El método no es muy importante, aunque puede ayudar, lo importante es el deseo de llegar a lo concreto y pedir perdón: no basta sentirse genéticamente pecadores. Es necesario conocer cuáles son las manifestaciones concretas de nuestros pecados y faltas de amor de Dios; porque hemos de pedir perdón por ellos y no podremos corregirlos si no los vemos. Conviene descubrir cada días lo detalles de pereza que han estorbado nuestro deberes, las faltas de atención con los demás, los compromisos pequeños o grandes de nuestra sensualidad, los excesos en el hablar, en el comer, etc. Y en muchos casos no basta reconocer superficialmente algo malo, sino que debemos llegar a saber el por qué de aquellos malhumores, de una respuesta desabrida de un descuido frecuente, de una apatía que nos detiene, de las reacciones de disgusto, de las respuestas airadas, de las faltas de fruto apostólico, etc. No es que esa investigación pueda llevarnos a grandes descubrimientos. La mayor parte de las veces tendremos que concluir que nuestras faltas se deben a nuestra soberbia a nuestra pereza o nuestra sensualidad (los tres grandes frentes de la vida ascética). Pero importa mucho reconocerlo en concreto y avergonzarse un poco delante de Dios y de nosotros mismos por ello.
Después de haberse puesto en presencia de Dios y de haber examinado el día, viene el momento más importante del examen, que es el arrepentimiento; el dolor de haber maltratado de un modo u otro el amor de Dios: "Ten piedad, Señor, según tu amor y por tu inmensa ternura borra mi delito, lávame a fondo de mi culpa y purifícame de mi pecado. Pues yo reconozco mi delito, y mi pecado está sin cesar delante de Ti. Contra ti, sólo contra ti he pecado y he cometido lo aborrecible ante tus ojos" (Sal 51, 3-4). El arrepentimiento vendrá enseguida si el examen lo hemos hecho bien y en presencia de Dios. Y el fruto más elocuente del arrepentimiento es el propósito de evitar que aquello se repita. Así va naciendo un esfuerzo eficaz por servir mejor a Dios.

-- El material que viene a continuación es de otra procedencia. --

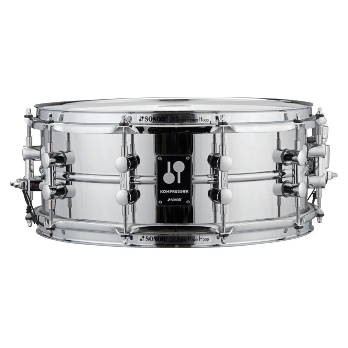 Deze Kompressor snaredrum heeft een 1mm dikke stalen ketel met een maatvoering van 14x5.75", tien Sonor TuneSafe double lugs, Steel Power Hoops en Sonor standard throw off. Sonor spendeert binnen het ontwikkelingsproces van alle drums extra tijd aan het nauwlettend fine tunen van maatvoeringen vs materialen; een traject dat zij Optimum Shell Measurements (OSM) noemen. Zo zijn Sonor ketels ietsje kleiner in diameter dan de opgegeven maat, waardoor de vellen optimaal kunnen resoneren. Daarmee geeft de 5.75" diepe stalen ketel een felle gedefinieerd snare geluid met veel rijke boventonen stick definition. Hierdoor is de snare ook zeer geschikt om wat hoger van pitch te stemmen. Veelzijdig, maar bovenal ook zeer geschikt voor de drummer die gecontroleerd en subtiel kan spelen en zodoende goed gebruik maakt van de rijke klank van de stalen snaredrum.

Esa práctica es tan importante que, a medida que se asciende en la montaña, se hace imprescindible. Y, como sucede en las grandes escaladas no es lo mismo estar en la falda de la montaña que ya bastante avanzados. Cuanto más arriba se está, más delicado es avanzar bien, corrigiendo pronto los errores. Un examen de conciencia bien hecho ayuda a caminar con seguridad, mientras que un examen de conciencia mal hecho puede traer consigo graves consecuencias, a medida que nos acostumbramos a tratar el amor de Dios de cualquier manera. El amor es una cosa muy delicada; es muy fuerte, porque empuja al heroísmo, pero muy sensible porque se enfría enseguida con la negligencia y el descuido. Y el amor de Dios es especialmente delicado y exigente: "Examínate (recomienda San Agustín) y no te contentes con lo que eres, si quieres llegar a lo que todavía no eres. Porque en cuanto te complaces de tí mismo, allí te detuviste. Si dices basta, estás perdido" (Sermón 169).

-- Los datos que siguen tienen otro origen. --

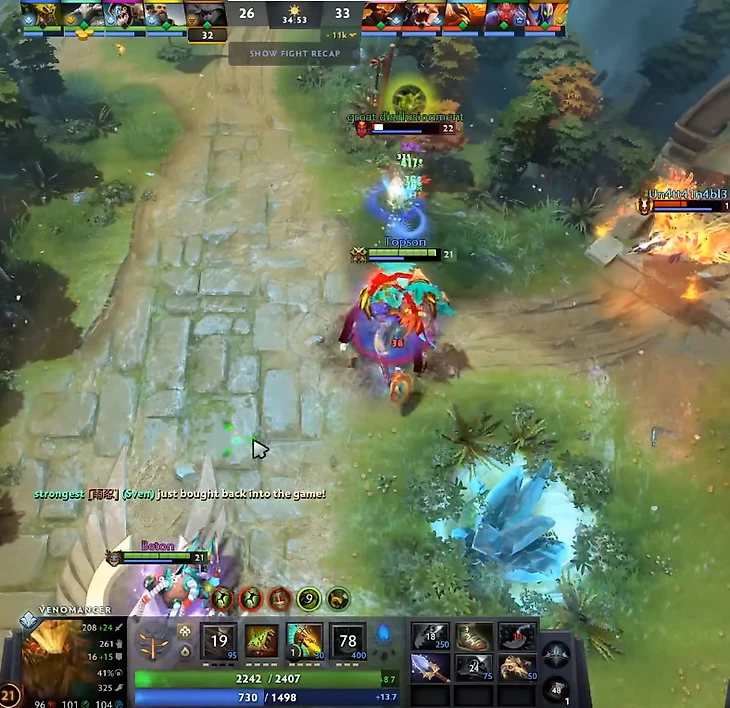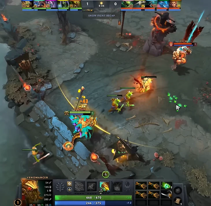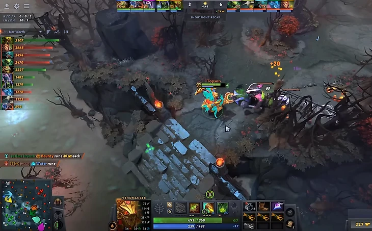Меньше 20 секунд нужно Веномансеру, чтобы закачать большой лагерь нейтралов на 2-м уровне. Затем Топсон возвращается на линию и со змейками 2-го уровня фармит вражеские пачки еще быстрее. Еще до пятой минуты у Веномансера уже почти 7-й уровень и 3100 нетворса – сумасшедшие тайминги!

Un examen bien llevado nos conducirá a un profundo conocimiento de nosotros mismos, a una sencilla y convencida humildad, a un hondo agradecimiento a Dios por los muchos bienes que nos da. Nos enseñará a tratarnos a nosotros mismos con cierta dureza y a llenarnos de comprensión a la hora de juzgar a los demás. Nos dará mucha experiencia de los resortes de la vida humana y nos permitirá aconsejar, animar y ayudar a otros. Y sobre todo nos dará cada día un mayor empuje para amar a Dios apasionada y eficazmente.